## DATASET ENTRIES
__________

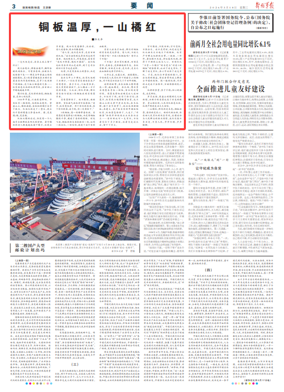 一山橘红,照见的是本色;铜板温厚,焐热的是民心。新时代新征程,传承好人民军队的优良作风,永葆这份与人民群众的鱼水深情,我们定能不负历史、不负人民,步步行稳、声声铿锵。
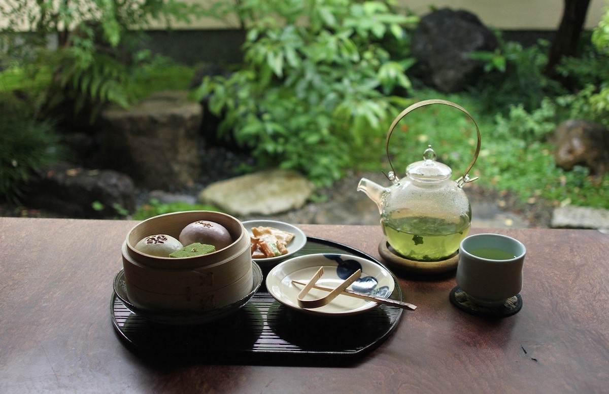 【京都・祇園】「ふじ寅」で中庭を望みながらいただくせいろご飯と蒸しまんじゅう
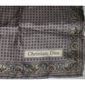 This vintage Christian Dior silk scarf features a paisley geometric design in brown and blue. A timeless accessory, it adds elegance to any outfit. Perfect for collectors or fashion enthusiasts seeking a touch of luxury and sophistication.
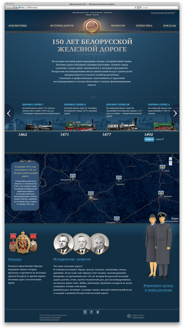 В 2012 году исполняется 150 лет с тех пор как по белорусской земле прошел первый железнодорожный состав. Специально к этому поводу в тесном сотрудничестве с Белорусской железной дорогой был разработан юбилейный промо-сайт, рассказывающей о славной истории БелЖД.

__________

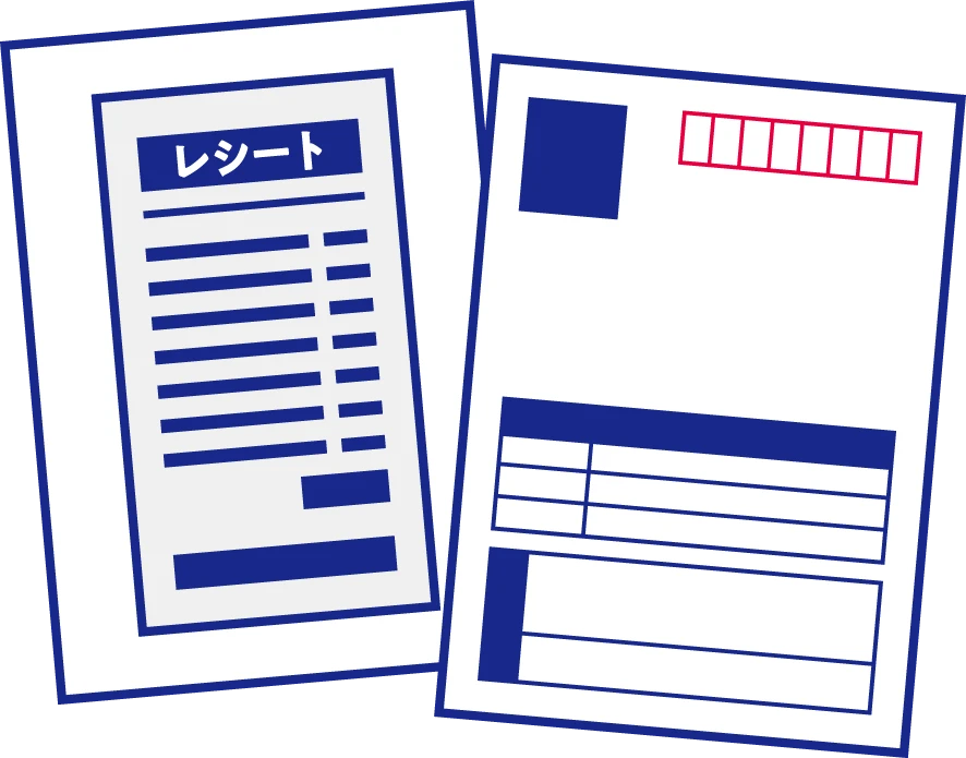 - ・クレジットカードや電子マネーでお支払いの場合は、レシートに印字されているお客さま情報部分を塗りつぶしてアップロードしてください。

__________

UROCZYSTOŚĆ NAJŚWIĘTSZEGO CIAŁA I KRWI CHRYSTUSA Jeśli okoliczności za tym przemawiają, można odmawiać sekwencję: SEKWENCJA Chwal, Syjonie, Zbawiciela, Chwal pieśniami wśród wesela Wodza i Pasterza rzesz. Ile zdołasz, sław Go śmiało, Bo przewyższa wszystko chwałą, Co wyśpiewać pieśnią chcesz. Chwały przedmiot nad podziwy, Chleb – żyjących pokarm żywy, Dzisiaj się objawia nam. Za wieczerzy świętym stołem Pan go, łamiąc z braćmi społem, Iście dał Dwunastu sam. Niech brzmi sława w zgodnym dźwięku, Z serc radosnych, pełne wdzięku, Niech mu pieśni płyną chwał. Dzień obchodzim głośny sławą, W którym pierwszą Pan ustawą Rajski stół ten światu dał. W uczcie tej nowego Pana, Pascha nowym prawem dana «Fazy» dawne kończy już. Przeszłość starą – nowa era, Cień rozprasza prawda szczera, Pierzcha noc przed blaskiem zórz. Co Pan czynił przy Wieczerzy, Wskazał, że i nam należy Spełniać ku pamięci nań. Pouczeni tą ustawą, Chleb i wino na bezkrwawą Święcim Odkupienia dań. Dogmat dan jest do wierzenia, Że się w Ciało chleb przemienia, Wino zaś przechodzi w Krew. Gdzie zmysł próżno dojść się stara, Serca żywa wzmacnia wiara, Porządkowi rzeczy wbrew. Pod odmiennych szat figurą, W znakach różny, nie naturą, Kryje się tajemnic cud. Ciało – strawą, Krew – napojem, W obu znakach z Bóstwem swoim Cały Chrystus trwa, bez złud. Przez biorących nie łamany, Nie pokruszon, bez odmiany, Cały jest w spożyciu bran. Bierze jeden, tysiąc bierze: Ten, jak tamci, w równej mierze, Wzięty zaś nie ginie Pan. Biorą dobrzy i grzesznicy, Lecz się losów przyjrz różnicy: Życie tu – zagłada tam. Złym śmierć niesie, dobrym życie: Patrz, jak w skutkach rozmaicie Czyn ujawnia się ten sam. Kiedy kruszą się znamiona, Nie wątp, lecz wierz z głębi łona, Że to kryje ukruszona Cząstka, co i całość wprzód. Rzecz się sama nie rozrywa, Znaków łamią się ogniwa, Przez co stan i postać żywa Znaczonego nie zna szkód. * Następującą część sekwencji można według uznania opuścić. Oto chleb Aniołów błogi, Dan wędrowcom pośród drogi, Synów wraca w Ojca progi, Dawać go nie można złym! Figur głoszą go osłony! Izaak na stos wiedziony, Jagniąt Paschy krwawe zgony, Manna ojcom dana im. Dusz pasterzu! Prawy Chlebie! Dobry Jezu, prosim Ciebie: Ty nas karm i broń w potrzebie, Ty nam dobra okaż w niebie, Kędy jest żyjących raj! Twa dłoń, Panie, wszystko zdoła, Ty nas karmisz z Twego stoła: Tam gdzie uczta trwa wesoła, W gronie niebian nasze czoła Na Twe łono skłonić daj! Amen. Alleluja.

__________

## WHAT YOU WILL DO
Within the listing above, the lines starting at the one containing "一山橘红,照见的是本色;铜板" and ending at the one containing "В 2012 году" are to be returned exactly. Omit the pictures.

## SOLUTION FOR THIS PROBLEM
 一山橘红,照见的是本色;铜板温厚,焐热的是民心。新时代新征程,传承好人民军队的优良作风,永葆这份与人民群众的鱼水深情,我们定能不负历史、不负人民,步步行稳、声声铿锵。
 【京都・祇園】「ふじ寅」で中庭を望みながらいただくせいろご飯と蒸しまんじゅう
 This vintage Christian Dior silk scarf features a paisley geometric design in brown and blue. A timeless accessory, it adds elegance to any outfit. Perfect for collectors or fashion enthusiasts seeking a touch of luxury and sophistication.
 В 2012 году исполняется 150 лет с тех пор как по белорусской земле прошел первый железнодорожный состав. Специально к этому поводу в тесном сотрудничестве с Белорусской железной дорогой был разработан юбилейный промо-сайт, рассказывающей о славной истории БелЖД.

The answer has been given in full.